# Blue Velvet Shrimp?



## wicca27 (May 3, 2009)

blue velvets are like cherry shrimp just blue, darker than blue pearl. and yes a betta will probably eat them you might be able to do 5 shrimp in a 1 gallon but they populations is likely to grow fast. blue velvets are a color morph of rili shrimp so they are basicaly a blue neo shrimp


----------



## acitydweller (Dec 28, 2011)

Yep, refer to shrimpkeeping.com and the water parameters for Red Rili or Cherry shrimp. they should be nearly identical to these shrimp.

Dwarf shrimp have very little bio-load and fair better with an established tank with bio-film. a 1 gallon bowl can be ok as i have several orange shrimp in a 1.5 gallon glass cylinder. 

They aren't great algae eaters, mainly scavengers looking for detris and loose food bits. Consider planting the tank with moss or low light plants to encourage the growth of bio-film. The reason i recommend low-light is because you don't want to battle algae in a small tank. Just a lot of needless work if you could avoid it.

Bettas are temperamental and may not take too kindly to shrimp as tank mates. I definitely wouldn't put them together in a 1 gallon tank. Bettas actually do far better in 4+ gallons.


----------



## OrangeAugust (Jul 26, 2012)

acitydweller said:


> Bettas are temperamental and may not take too kindly to shrimp as tank mates. I definitely wouldn't put them together in a 1 gallon tank. Bettas actually do far better in 4+ gallons.


Yeah, no I meant keeping a number of blue velvet shrimp by themselves in a one gallon tank. Then my question about the betta is if I could keep ONE with a betta that is in a 5 gallon tank. Bettas usually get along fine with a snail or a ghost shrimp in that size tank so I didn't know if they were small like cherry shrimp and therefore might get eaten or if they are larger and non-agressive like ghost shrimp.


----------



## speedie408 (Jan 15, 2009)

Blue Velvets are extremely easy to keep and breed like rabbits, similar to many of the other Neocaridina species. If you want to keep them in a 1 gal tank, I would def keep 5 max. You'd have to do weekly 10-20% water changes to keep the water quality up in order for the shrimp to thrive for such a small tank. 
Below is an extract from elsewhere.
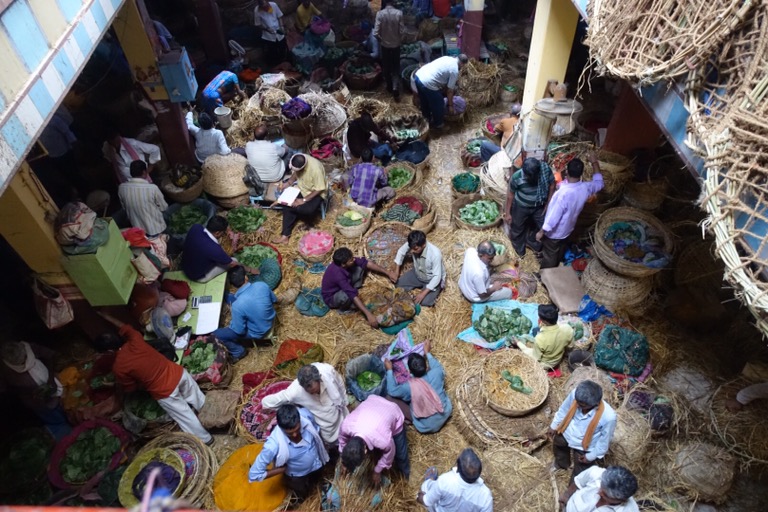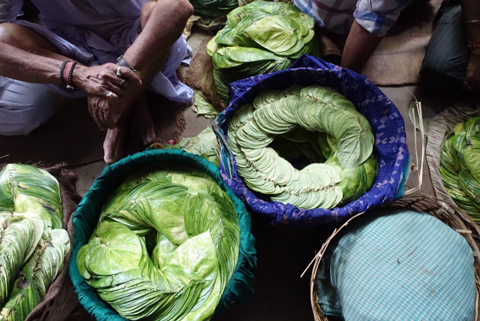 Then we went into a relatively quiet building and were surprised to see a huge market of guys selling the betel leaves. They are arranged and classified by quality, and sold in baskets of 1000 wrapped in damp cloths to keep them fresh. Very interesting to see.

What is your Tap water like in your area? These shrimp do very well in a more alkaline water condition. 

I would not put them with bettas. Bettas vary in personality... some can be super docile, while others are crazy aggressive and will attack anything that moves.


----------



## honda237 (Aug 11, 2010)

speedie408 said:


> Blue Velvets are extremely easy to keep and breed like rabbits, similar to many of the other Neocaridina species. If you want to keep them in a 1 gal tank, I would def keep 5 max. You'd have to do weekly 10-20% water changes to keep the water quality up in order for the shrimp to thrive for such a small tank.
> 
> What is your Tap water like in your area? These shrimp do very well in a more alkaline water condition.
> 
> *I would not put them with bettas. Bettas vary in personality... some can be super docile, while others are crazy aggressive and will attack anything that moves*.
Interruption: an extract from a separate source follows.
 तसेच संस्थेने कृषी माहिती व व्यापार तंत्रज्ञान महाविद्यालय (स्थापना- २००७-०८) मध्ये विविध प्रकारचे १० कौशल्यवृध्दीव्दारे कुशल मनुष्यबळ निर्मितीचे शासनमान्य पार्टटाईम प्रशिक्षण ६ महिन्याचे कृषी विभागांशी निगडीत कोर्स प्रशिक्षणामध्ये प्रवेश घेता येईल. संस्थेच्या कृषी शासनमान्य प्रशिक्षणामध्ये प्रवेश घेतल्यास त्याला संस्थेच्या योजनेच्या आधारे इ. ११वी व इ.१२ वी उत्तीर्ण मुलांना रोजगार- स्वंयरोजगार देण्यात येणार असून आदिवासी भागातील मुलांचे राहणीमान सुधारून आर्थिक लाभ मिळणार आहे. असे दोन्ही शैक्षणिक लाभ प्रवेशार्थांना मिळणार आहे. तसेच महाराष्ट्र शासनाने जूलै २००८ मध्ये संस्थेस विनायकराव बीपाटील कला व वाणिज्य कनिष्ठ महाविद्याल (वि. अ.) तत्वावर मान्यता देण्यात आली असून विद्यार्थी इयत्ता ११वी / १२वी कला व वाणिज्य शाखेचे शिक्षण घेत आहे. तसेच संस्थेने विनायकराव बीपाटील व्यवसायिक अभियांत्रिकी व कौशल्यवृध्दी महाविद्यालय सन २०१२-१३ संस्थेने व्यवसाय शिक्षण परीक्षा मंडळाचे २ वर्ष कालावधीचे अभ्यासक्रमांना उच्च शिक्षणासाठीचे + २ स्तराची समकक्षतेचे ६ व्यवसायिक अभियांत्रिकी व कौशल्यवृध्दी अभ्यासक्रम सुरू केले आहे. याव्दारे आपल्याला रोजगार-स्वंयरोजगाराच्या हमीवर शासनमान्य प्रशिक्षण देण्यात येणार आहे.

Agreed, even if they are docile, still don't trust them, last year i gave 20-30 almost adult cherries to my girlfriend to add to the tank, and by the next day the betta probably ate and killed more than half of them. Mind you, he did look a little miserable with his fat gut.


----------



## OrangeAugust (Jul 26, 2012)

honda237 said:


> Agreed, even if they are docile, still don't trust them, last year i gave 20-30 almost adult cherries to my girlfriend to add to the tank, and by the next day the betta probably ate and killed more than half of them. Mind you, he did look a little miserable with his fat gut.


LOL Well, I learned tonight that my betta doesn't do well with tank mates. I bought a mystery snail tonight and within 20 minutes he attacked it. He tried to eat it about 3 times in an hour so I had to move the snail to a spare tank. I don't think I will try any other tank mates. I think he'll try to eat anything that moves. lol 
But I do spend time on the bettafish.com forums and there are a number of people who have successfully kept ghost shrimp and/or snails with betta fish. But yes, it seems to depend on the personality of the fish.


----------



## TwoTacoCombo (Apr 13, 2012)

I put two yellow neos in our 5 gallon betta palace this weekend. The fish didn't even notice them going in. I saw him checking one out once, and that was the end of it. This betta is not at all agressive, and never flares his fins. He's more like a puppy, and will swim over to greet whoever comes near. So yeah, it's entirely possible to house shrimp with bettas, but it's more the luck of the draw with betta personalities..


----------



## abc (May 18, 2004)

my betta only attacked red, orange colors. he is a orange-red betta. he attacked nerite tiger shrimp. but he leaves the ghost shrimp alone and pond snails. I think the red color triggers the aggression so I was thinking of the blue velvets until I read that the juvies are sometimes red... bummer. I'm going to have to try and find a different kind of shrimp


----------



## amygirl11 (May 20, 2012)

My Betta was fine with ghost shrimp. Not so good with Fire Reds though.


----------



## shrimpcrazy00 (Jan 15, 2014)

My betta eats anything that is in his tank... I put 12 pond snails in there and by the next day they was gone... I only found 3-4 partial shells from the snails. I think my betta is the devil...


----------